Однако встреча с греко-египетским миром подсказала Цезарю еще одну идею: о необходимости пребывания рядом с царем его женской ипостаси, царицы. Этим и объясняется, что почти в то же время, когда его статуя была воздвигнута в храме Квирина, Цезарь совершил второй, «симметричный» жест: в новом храме, недавно посвященном Венере, которую он считал прародительницей своей семьи, диктатор повелел поставить, рядом со статуей упомянутой богини, вторую великолепную статую из золота. Эта вторая статуя имела черты Клеопатры.

Именно тогда по городу поползли слухи.

* * *

Отчасти в их появлении была повинна сама Клеопатра, это следует признать. Цезарь, если отвлечься от вышеупомянутого мистико-политического жеста, хотя никогда не боялся вести себя вызывающе, на сей раз проявил осторожность и предпочел поселить свою любовницу не на священной территории города, а за пределами городских стен, на своей вилле, которая находилась на другом берегу Тибра. Это имение, включавшее огромные сады, было необычайно большим и роскошным. На первые критические замечания Цезарь вполне мог ответить, что хочет лишь надлежащим образом отблагодарить союзницу, которая во время его пребывания в Египте столь великолепно его принимала.

На поверхностный взгляд это казалось правдоподобным. Но действительность была более сложной. Как и Цезарь, Клеопатра знала, что она производит на римских аристократов такое же завораживающее, очаровывающее воздействие, как те экзотические животные, которых проводили перед ними во время четырех триумфов.
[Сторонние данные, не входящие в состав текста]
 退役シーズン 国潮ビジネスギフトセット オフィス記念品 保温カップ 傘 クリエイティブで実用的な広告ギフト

Двое любовников, отнюдь не растроганные этим наивным интересом, решили его использовать. И тогда на вилле в Трастевере Клеопатра начала устраивать приемы. Или, точнее, Цезарь рассылал приглашения на обед, а те, кто получал такие приглашения, чуть ли не бегом устремлялись на виллу. И не только потому, что спешили сложить к ногам владыки мира очередную порцию льстивых восхвалений. Главное, они хотели видеть Клеопатру. Хотели понаблюдать за царицей с близкого расстояния и понять, что она собой представляет. Попытаться, глядя на нее, вообразить Египет. Ими владело жадное, слепое любопытство. Однажды побывав у царицы, они уже не могли об этом забыть. Говорили о ней целыми днями, месяцами. Как об экзотической жирафе.
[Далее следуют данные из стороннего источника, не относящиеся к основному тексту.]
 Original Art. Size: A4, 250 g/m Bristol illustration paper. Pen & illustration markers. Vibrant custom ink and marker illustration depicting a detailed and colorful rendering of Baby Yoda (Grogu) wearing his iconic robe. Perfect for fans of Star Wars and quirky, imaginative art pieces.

Клеопатра имела небольшой круг приближенных к ней лиц, своего рода двор, куда входили ее супруг, ее сын, ее слуги, несколько музыкантов и по крайней мере два советника — некие Аммоний и Сара. К ее окружению относились также астроном Сосиген, главный разработчик проекта реформы календаря, и, вероятно, один или несколько астрологов — а может, должность главного прорицателя занимал сам Сосиген, что было бы оправдано, ибо в ту эпоху изучение звезд служило основой для предсказаний.

Уже сам по себе факт присутствия рядом с Клеопатрой прорицателей интриговал римскую элиту. Их методы предсказаний — унаследованные от вавилонян, «скрещенные» с ритуалами получения оракулов, которые практиковались в египетских храмах, и, может быть, обогащенные за счет некоторых приемов брахманов, чьи общины уже появились в Александрии, — безумно интересовали римлян, одержимых идеей близкой гибели города, которая, как они считали, совпадет с концом мира. Чтобы доказать это, они пускались в бесконечные спекуляции. Например, вспомнили об идее пифагорейцев, утверждавших, что ритм развития мира определяется космическими циклами по триста шестьдесят пять лет, именуемыми «большими годами». Переход от одного «большого года» к другому, разумеется, всякий раз бывает отмечен поразительными катаклизмами — и неизвестно, следует ли ожидать таковых со страхом или с энтузиазмом.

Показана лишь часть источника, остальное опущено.